Alberto alberto.manfreda at pi.infn.it
Sat Jan 16 16:38:38 EST 2021


Worked like a charm. Thank you very much!

Alberto

On 16/01/21 19:04, E. Madison Bray wrote:
> On Fri, Jan 15, 2021 at 5:55 PM Alberto <alberto.manfreda at pi.infn.it> wrote:
>> Hi,
>>
>> despite I have been using astropy.io for a few years now, this is my first message to the list (which speaks highly of the quality of the module and of the documentation - great job, really!). Recently, however, I found myself stuck doing an apparently simple task. I have a FITS file containing a bunch of binary HDU tables, which I open with the:
>>
>> hdu_list = open_event_file('file_path')
>>
>> command.

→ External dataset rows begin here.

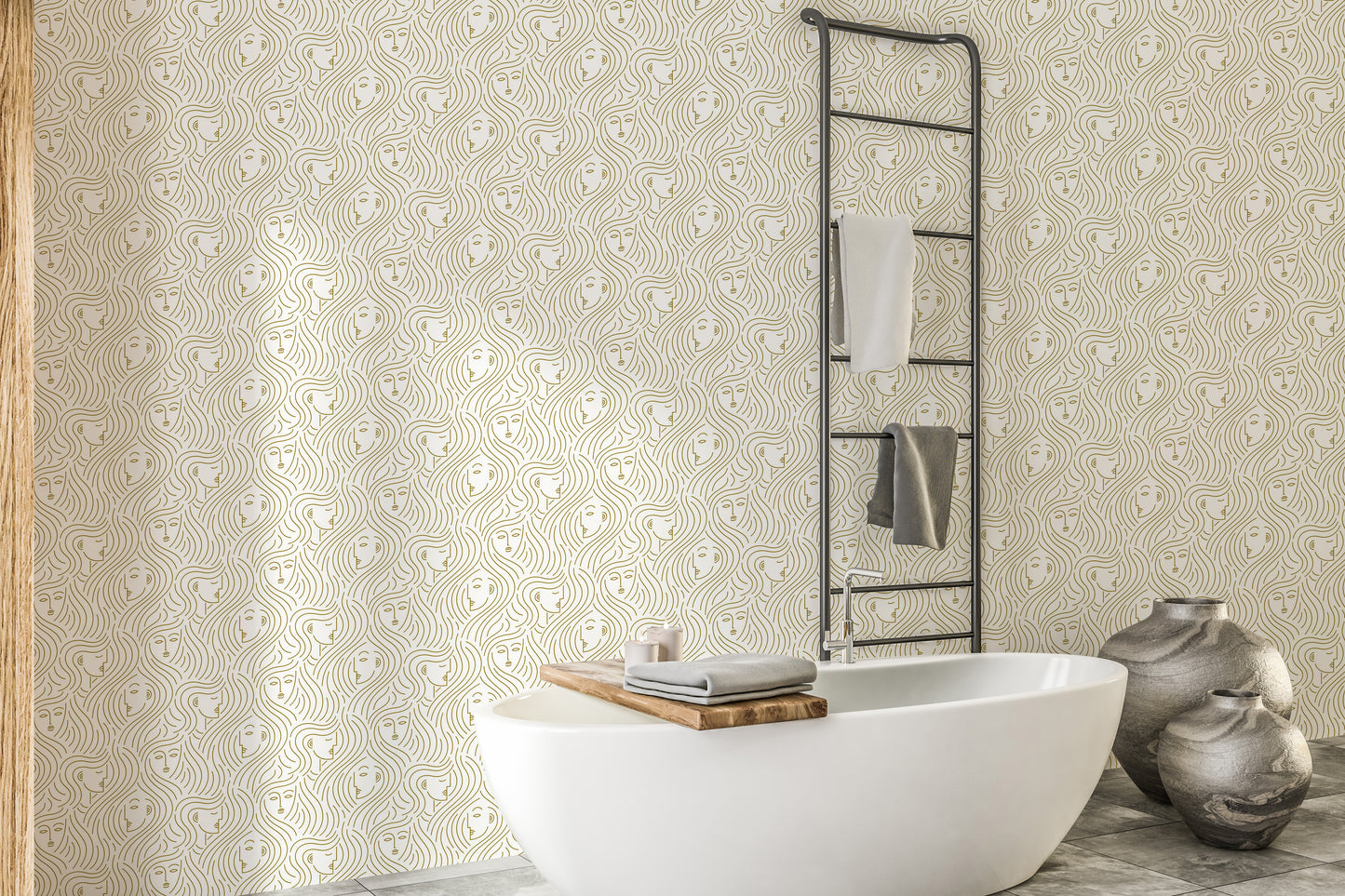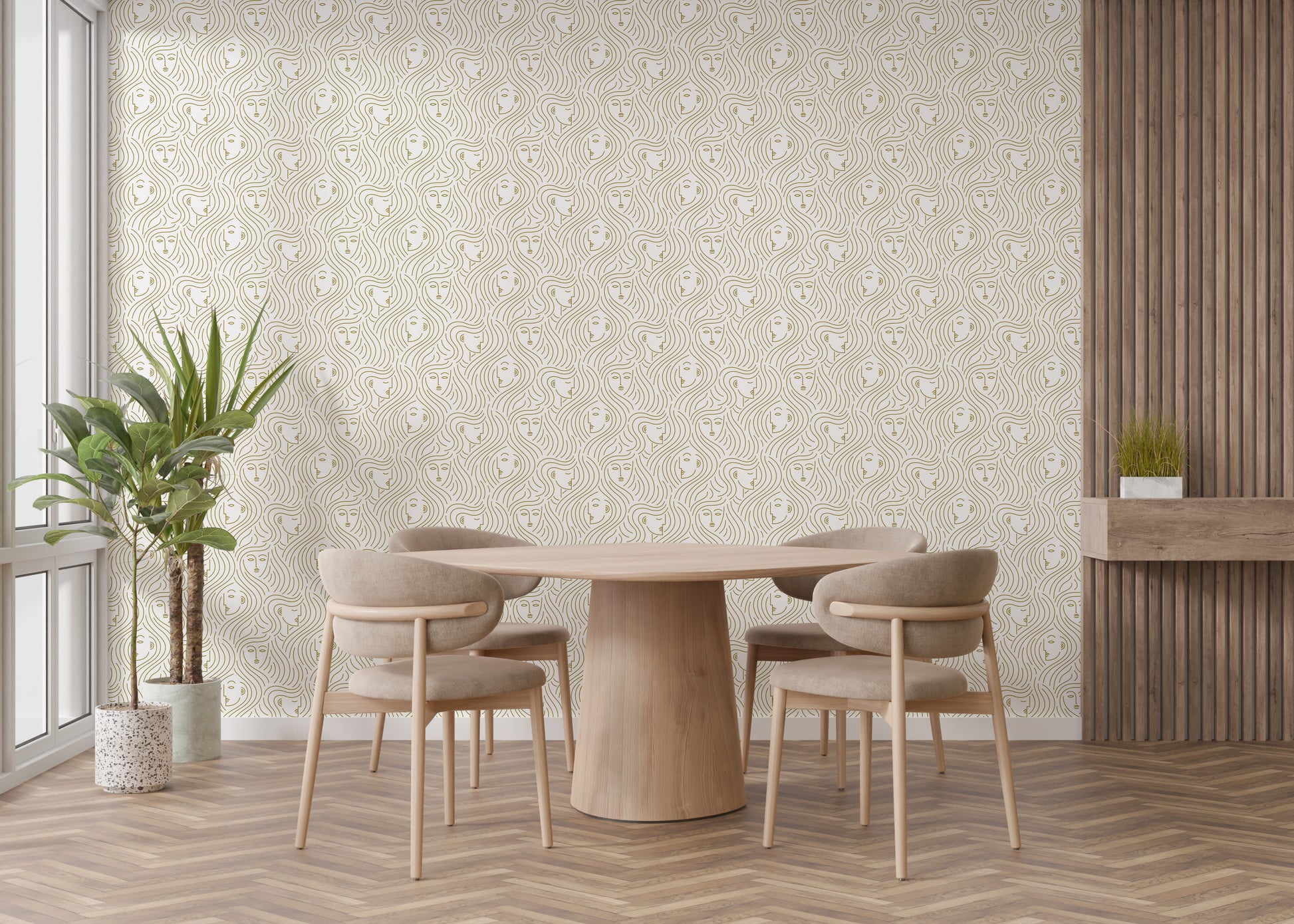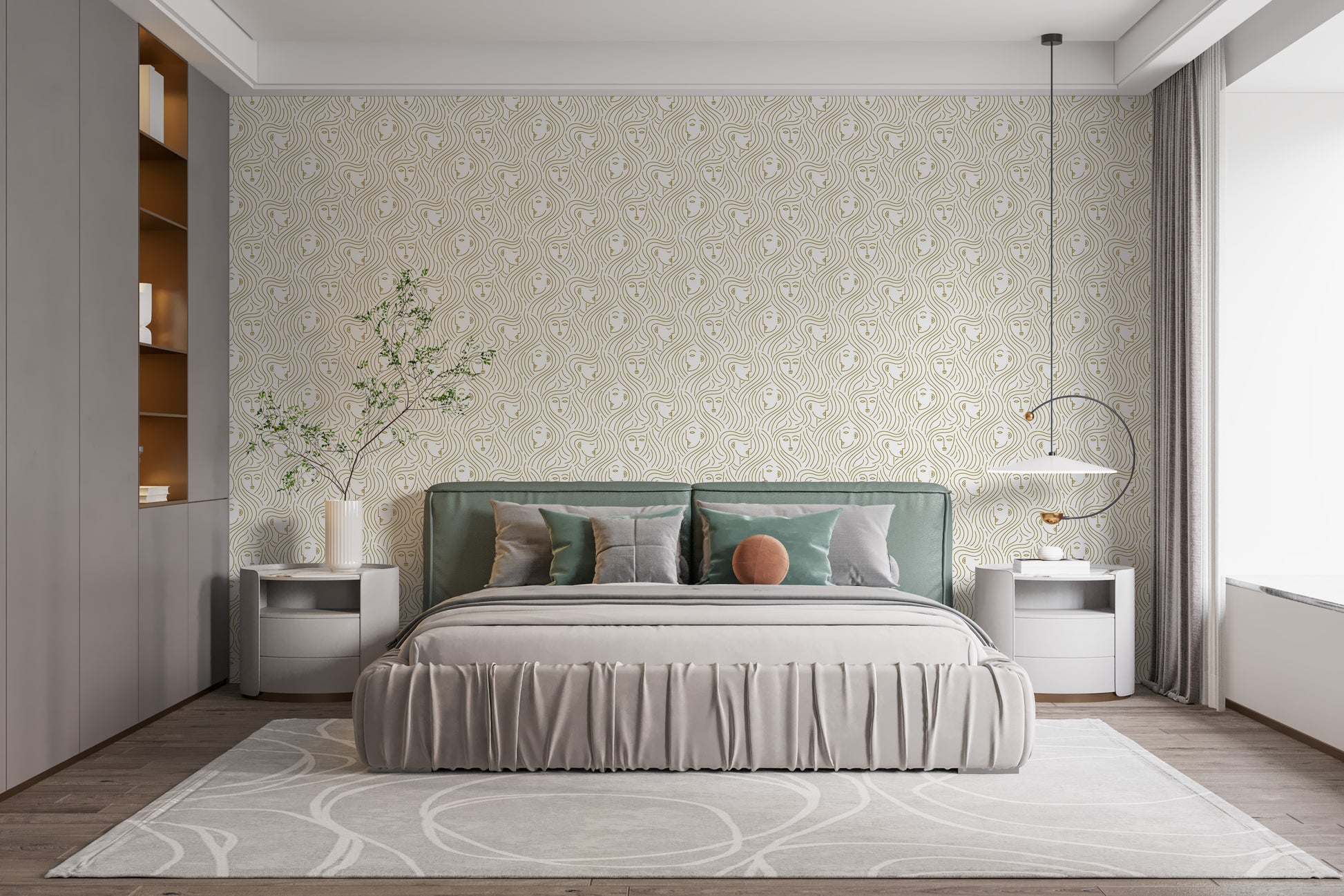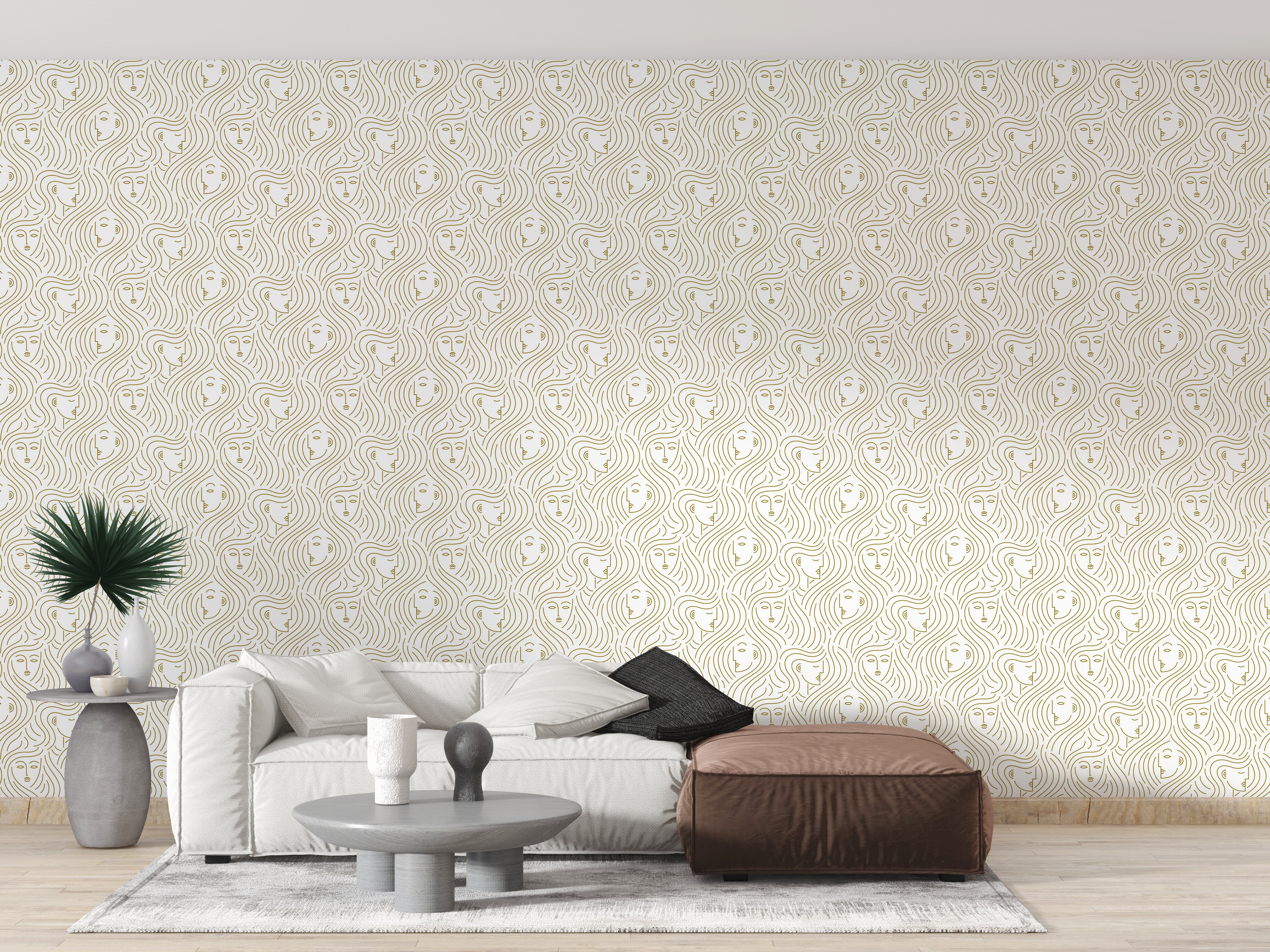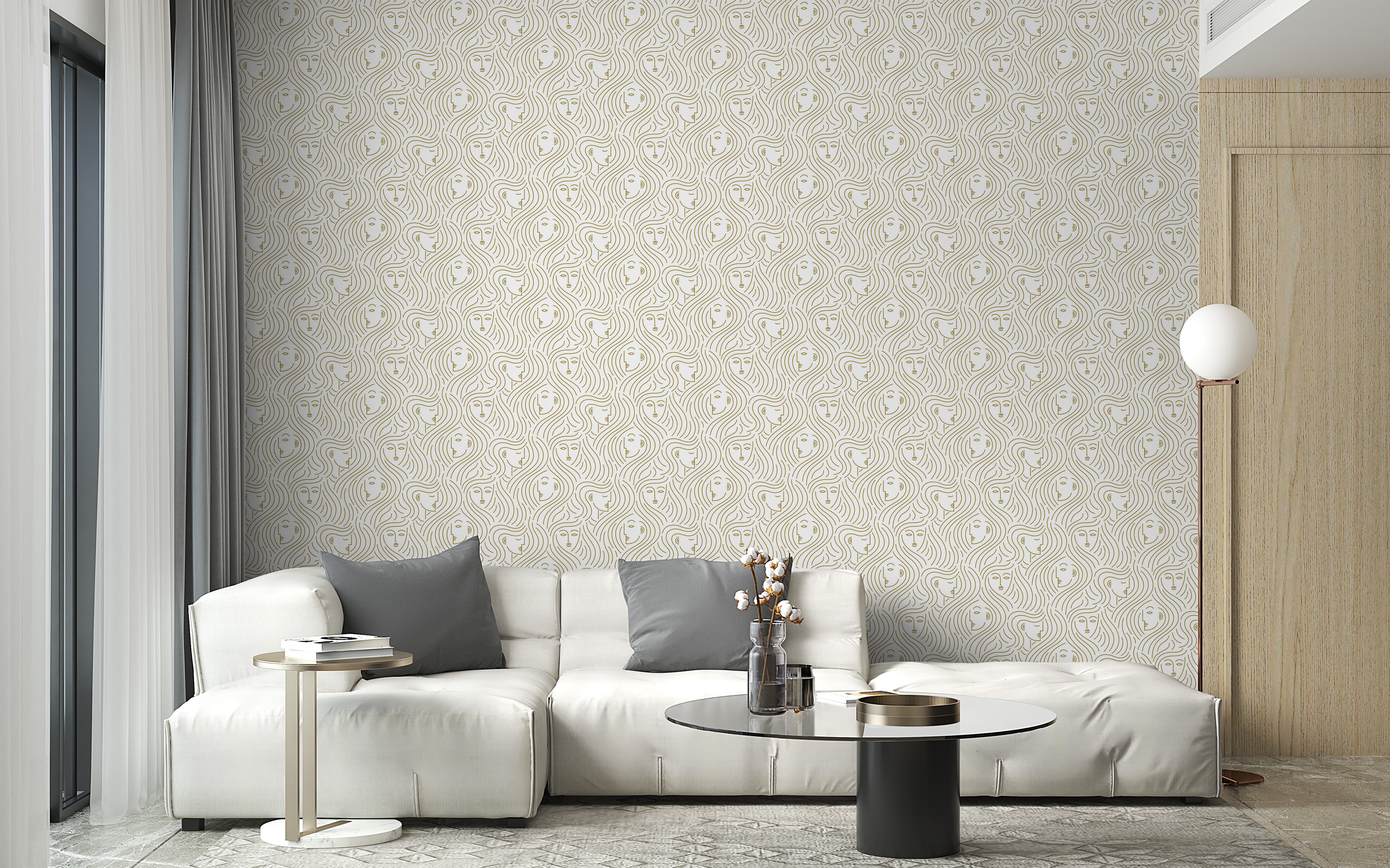 The pattern of woman heads with hair mural wallpaper is a mesmerizing and artistic addition to bedroom decor. It features a continuous, interconnected design of female faces with flowing hair, creating a tapestry of serene expressions. This bedroom wallpaper exudes a subtle yet captivating charm, drawing the eye with its intricate linework and soothing palette. It's perfect for those who appreciate modern art and elegant design. As a backdrop, this room wallpaper can make a bedroom feel like a personal gallery, with each glance offering a new perspective on the pattern's complexity. It's a choice that speaks to a love of unique, thoughtful design elements in personal spaces.
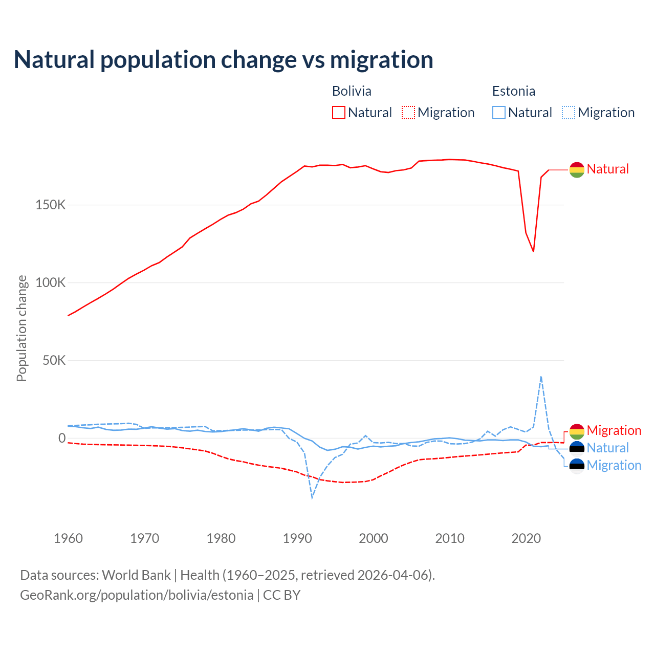 Over the last 10 years, 95.6% of the population change in Bolivia is from natural causes (a gain of 1,637,833 people) and 4.37% is from migration (a loss of 74,903 people). In Estonia 26.1% is from natural causes (a loss of 27,683 people) and 73.9% is from migration (a gain of 78,553 people).
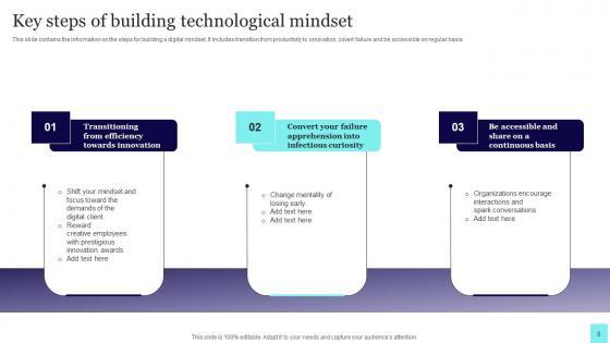 This slide contains the information on the steps for building a digital mindset. It includes transition from productivity to innovation, covert failure and be accessible on regular basis. Showcasing this set of slides titled Key Steps Of Building Technological Mindset Portrait Pdf. The topics addressed in these templates are Transitioning From Efficiency, Towards Innovation, Infectious Curiosity. All the content presented in this PPT design is completely editable. Download it and make adjustments in color, background, font etc. as per your unique business setting. This slide contains the information on the steps for building a digital mindset. It includes transition from productivity to innovation, covert failure and be accessible on regular basis.
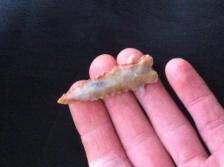 Glossy translucent Flintridge Grey and Caramel with a Blood Red lines and swirls and a couple Blue/Purple splotches on the point. Really pretty point.
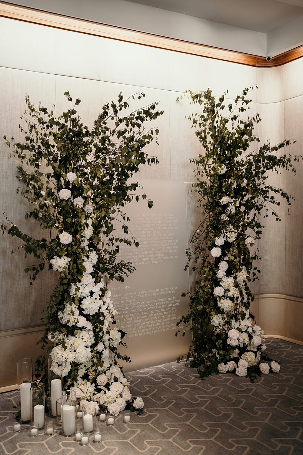We opted for a grand five-tier cake designed by White Petal Cakes, set in front of a bespoke frosted acrylic piece by Bewilderly, which included customised vows written by The Storyteller Celebrant. We then dressed this with candles for a romantic feel.
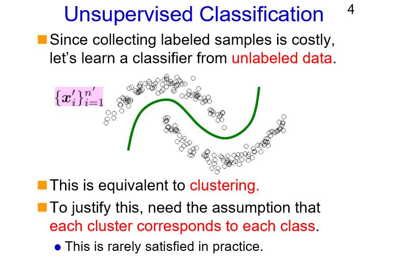 然而,想要获取大量的标注数据是非常耗时耗力的,我们希望也能够对无标注数据进行分类,这就是无监督分类的由来。
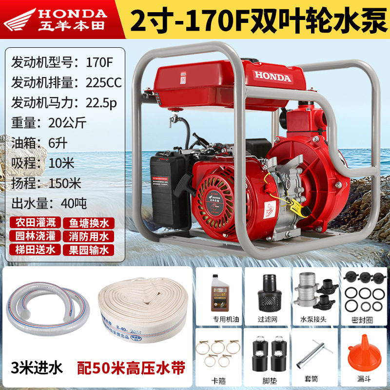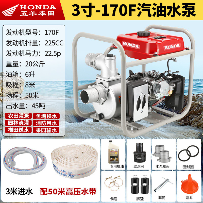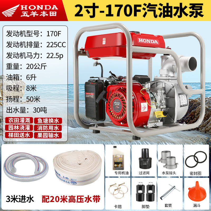 우양 혼다 6 리터 대형 연료 탱크 4 행정 고출력 가솔린 워터 펌프 농업 관개 워터 펌프 하이 리프트 펌프
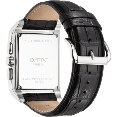 Diese Olympic Uhr hat ein Edelstahl Gehäuse mit einem Durchmesser von 39 mm und ist mit einem Armband aus Leder versehen. In der Uhr arbeitet ein Miyota Uhrwerk. Das Glas der Uhr besteht aus Mineral - Glas.
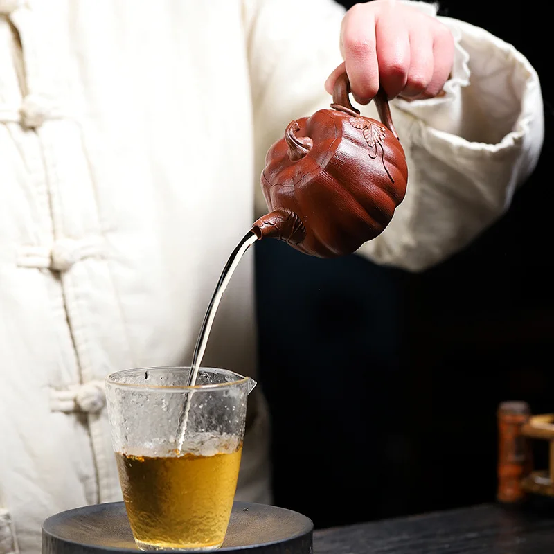 Its tall pumpkin form, Da Hong Pao clay body, and carved vine motif make it a rare and poetic brewing vessel. - Why is this teapot ideal for Gongfu tea?

I need to add a new column to one of the HDU tables, then write the entire hdu_list to a different file location.
>>
>> What is the simplest way to do this? The methods for adding columns that I found in the online FAQs work for Table objects, but what I can get from my hdu_list is a BinTableHDU object, which doesn't support dictionary-like assignment or the add_column() method. I know I can get a Table object from the hdu_list like this:
>>
>> table = Table(hdu_list[1].data)
>>
>> but this is a copy, so the changes to the table does not apply to the original hdu_list.
>>
>> Any help is appreciated.
> Hi Alberto,
>
> The `data` arrays accessible on the HDU objects are basically Numpy
> structured arrays, so techniques and utilities for adding a column to
> a structured array apply here, though unfortunately it's not as easy
> as one would like.  Fortunately, newer versions of Numpy have added a
> few utility functions for this; in this case in particular
> numpy.lib.recfunctions.append_fields:
> https://numpy.org/doc/stable/user/basics.rec.html#numpy.lib.recfunctions.append_fields
>
> So you should be able to add a column like:
>
>>>> from numpy.lib.recfunctions import append_fields
>>>> hdu = hdu_list[1]
>>>> hdu.data = append_fields(hdu.data, 'NAME_OF_COLUMN', column_data, usemask=False)
> I tested that this works (it's a bit annoying that it returns a masked
> array by default so you need to give usemask=False) for this to work.
>
> In principle you should also be able to use Table.add_column with the
> Table class as you mentioned.  Then you can do:
>
>>>> hdul_list[1].data = table.as_array()
> Unfortunately this has a bug related to string columns that I just
> discovered in testing this.
>
> I'm sorry that even now this is not as easy to do as it should be.
> For the most part the Table class has obviated the need for anything
> like this in the "lower-level" interface, but I agree it's not obvious
> how to do if you want to manipulate existing FITS files.